Essen (ots) - Es ist ein Riesenprojekt, gesellschaftlich und politisch gewollt, von Familien herbeigesehnt, von Sozialexperten radikal gefordert: Der Ausbau der Kleinkind-Betreuung ist in vollem Gang.

Nicht schnell genug kann und darf es gehen, um für 32 Prozent aller Kinder zwischen einem und drei Jahren einen Platz in einer Kita bereit zu stellen. Ob das überhaupt reicht, wenn 2013 und somit in gut einem Jahr der Rechtsanspruch auf den Krippenplatz greift, bezweifeln Experten bereits jetzt.

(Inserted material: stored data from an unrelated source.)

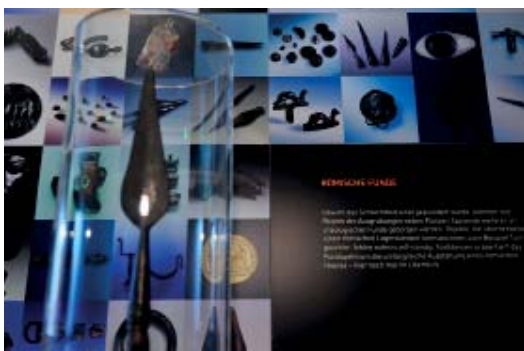
Abb 11: Römische Funde
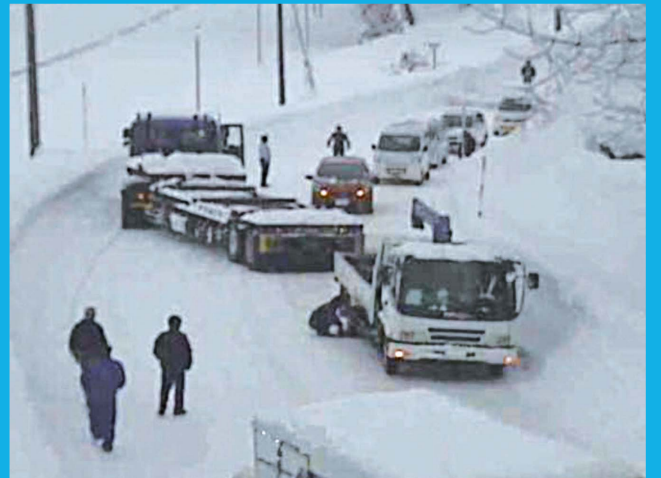
国道8号 新潟県柏崎市五十土地先 平成24年1月27日
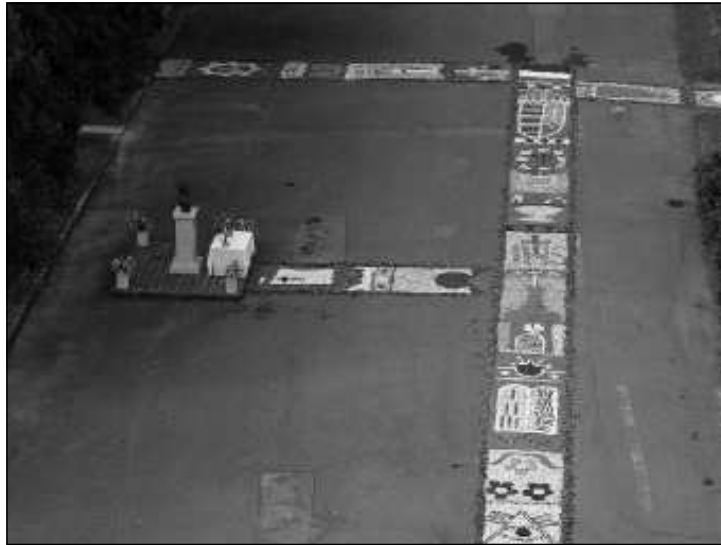
A virágszőnyeg.

A zöld ágakkal és virágokkal borított négy oltárnál az elmélkedés alaphangulatát az imádás, a hálaadás, az engesztelés és a kérés adja meg. Ezen a körmeneten kérjük a kegyelmet Istentől, hogy erősítse meg hitünket ebben a legszentebb titokban. Az előző évszázad közepéig az egyház tagjai mindig nagy részvétel mellett ünnepelték Úrnapját, és hitük félelem nélküli megvallásával vettek részt a körmeneten. Sajnálatos módon az európai ember meg-
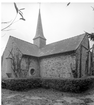
Elévation Nord-Est : vue générale IVR53_19673500121V
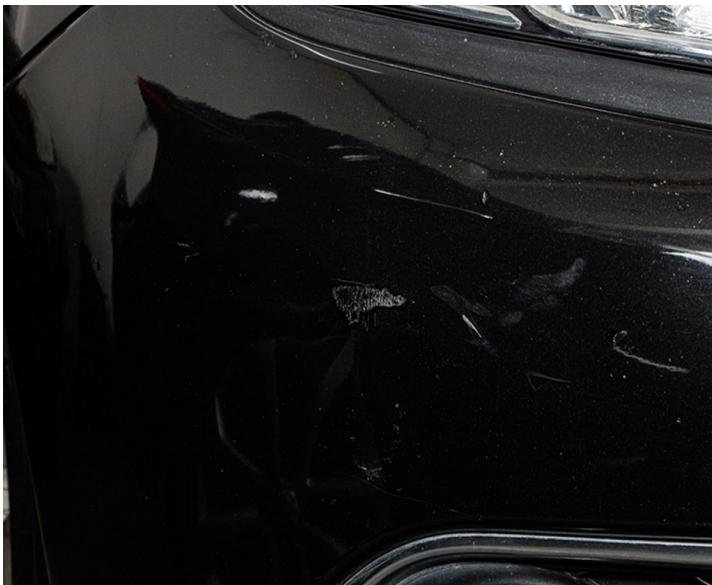
Carrocería: Paragolpes delantero con raspones
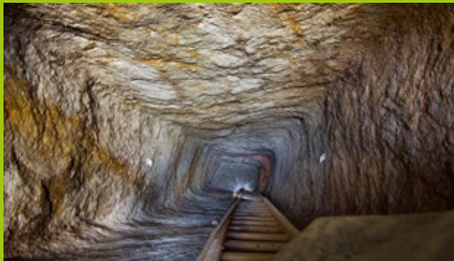
Blick in einen mittelalterlichen Tagesschacht

Deshalb realisierte der Förderverein in Zusammenarbeit mit dem Landesamt für Archäologie Sachsen und mit Hilfe zahlreicher Unterstützer aus dem privaten, wirtschaftlichen und gesellschaftlichen Bereich einen Bergbaulehrpfad zum mittelalterlichen Bergbau.

Die Finanzierung dieses ehrgeizigen Vorhabens ist allerdings extrem schwierig. In vielen Kommunen vollzieht sich der Ausbau zu Lasten der drei- bis sechsjährigen Kindergartenkinder. Plätze werden irgendwie auf die Schnelle geschaffen - mit einem Wickeltisch, einer Schlafgelegenheit und einer sogenannten Teilzeit-Ergänzungskraft. Doch auch der Ausbau mit diesem halbherzigen Qualitätsanspruch kostet Bund, Land, freie Träger und Kommunen Unsummen.

Der Kita-Ausbau ist eine gesamtgesellschaftliche Aufgabe. Gerade die Kirchen müssten diesem Projekt aufgrund ihrer großen Verantwortung Vorrang vor anderen Vorhaben einräumen. Die Drohung jedenfalls, ausgerechnet Hunderte von Kitas schließen zu wollen und aus dem Ausbauprogramm auszusteigen, macht misstrauisch und wirkt wie ein politischer Erpressungsversuch.